動画映画好悪論
會川昇脚本家
この文章を書くにあたり敢えて作品を再見することはなかったが、ロードショー当時の自分が「ホッ」としたことは鮮やかに記憶している。ラストに至り、あれだけ殺伐とした物語のなかで、なんと無数の無名の人々の善意が自己犠牲という形になって地球が救われる。そこを見て失笑した人もいるかも知れないし、安易なハッピーエンドととる人もあったろう。しかし私は「ホッ」としたのだ。あまつさえちょっとだけ、涙も流した。
私をホッとさせた要素はなんだったろう。
「二度とニュータイプの素晴らしさなんて語られることはないんだろうか」と。そこに『逆襲のシャア』である。

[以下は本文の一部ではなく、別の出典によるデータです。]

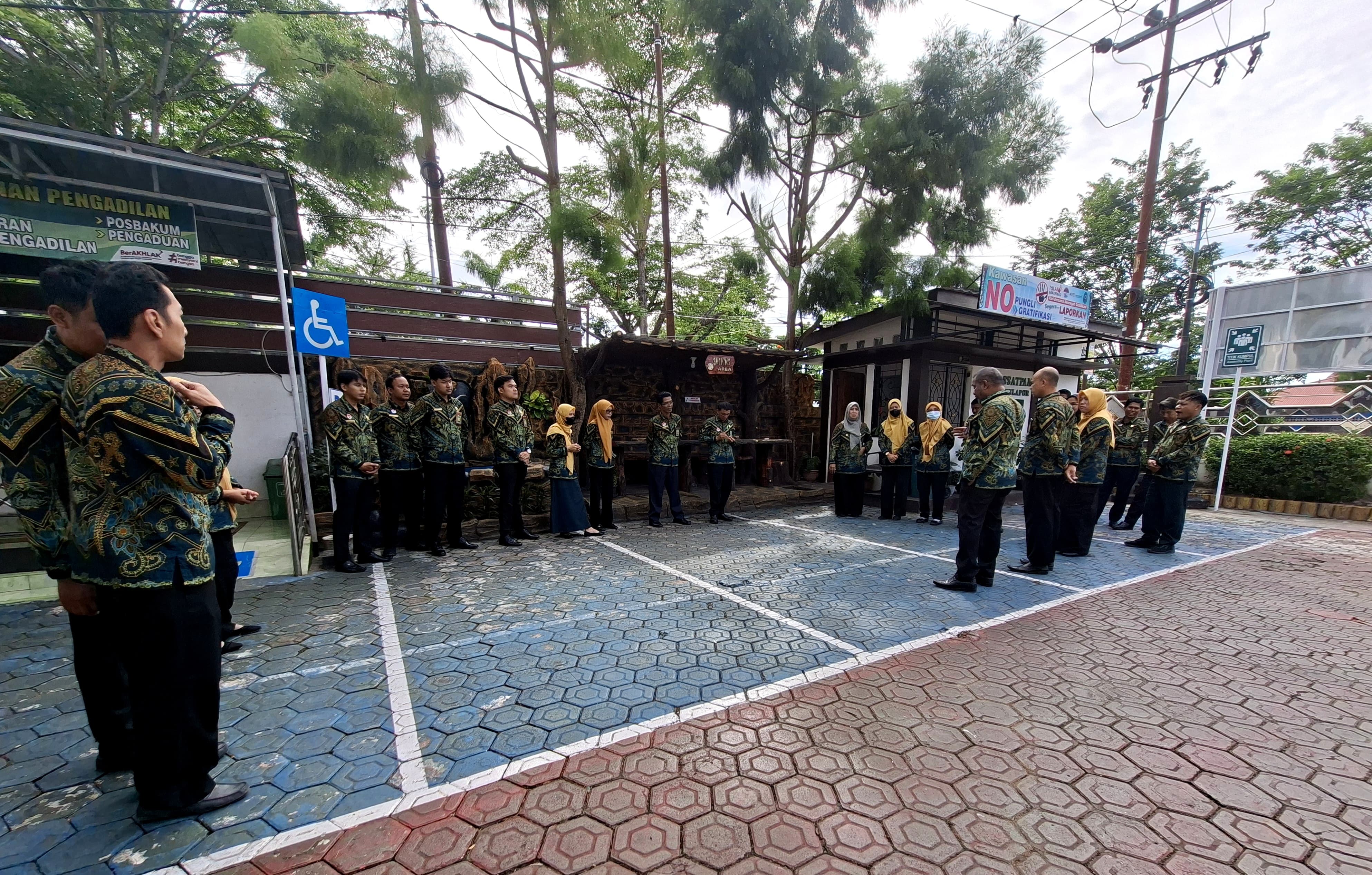 Jayapura, 16 April 2026 - Mengawali kegiatan pagi hari ini Kamis (16/04) Pengadilan Agama (PA) Jayapura kembali menggelar kegiatan rutin yang dilakukan tiap hari yaitu GRATIS BRO (Gerakan Anti Gratifikasi, Anti Sampah, Brifieng dan Do’a). Kegiatan yang bertujuan untuk menanamkan budaya kerja anti korupsi dan budaya kebersihan ini, bertempat di halaman depan kantor yang di mulai tepat pada 08:00 WIT. Seluruh pimpinan dan aparatur dengan semangat dan kompak mengikuti kegiatan ini supaya dapat terlaksana nya tujuan dari kegiatan ini

挫折するニュータイプ少女、金で動く未来の見えない政治、先走る革命の矛盾などお得意の「自滅」を綴りながら、しかしあの映画は最期にはそれでも人間を救って見せた。彷徨の果てにそれでも監督は人間を「救う」。結果、旧「ガンダム』に影響を受けた世代である私は、「ああ、あのとき(旧『ガンダム』の頃) 考えたもろもろのことを自分はいまでも信じていていいのだな」と思った。